Problem to work on
Exclude images and print all the records verbatim.
○ ○ ○ ○
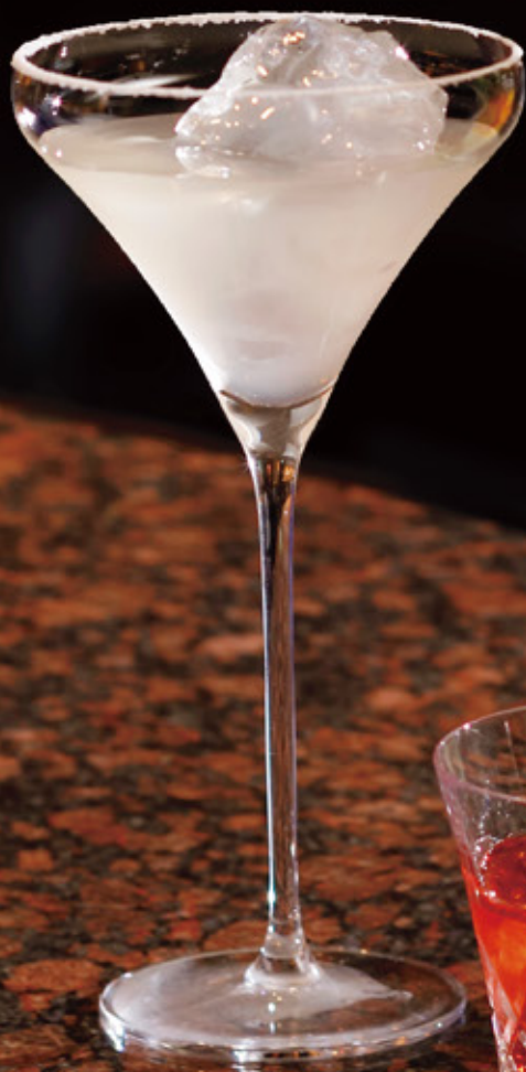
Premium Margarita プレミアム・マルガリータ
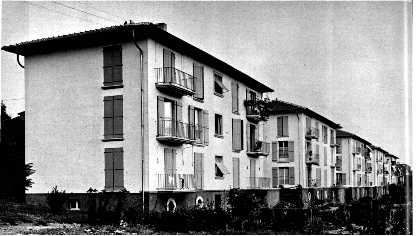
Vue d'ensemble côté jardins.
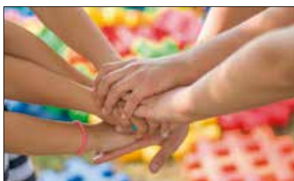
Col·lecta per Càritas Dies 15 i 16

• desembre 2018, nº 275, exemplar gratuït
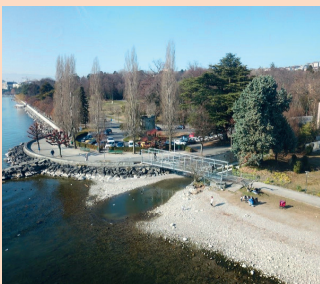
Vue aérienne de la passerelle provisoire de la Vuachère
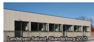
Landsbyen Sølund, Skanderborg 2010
○ ○ ○ ○
Written answer
Premium Margarita プレミアム・マルガリータ
Vue d'ensemble côté jardins.
Col·lecta per Càritas Dies 15 i 16

• desembre 2018, nº 275, exemplar gratuït
Vue aérienne de la passerelle provisoire de la Vuachère
Landsbyen Sølund, Skanderborg 2010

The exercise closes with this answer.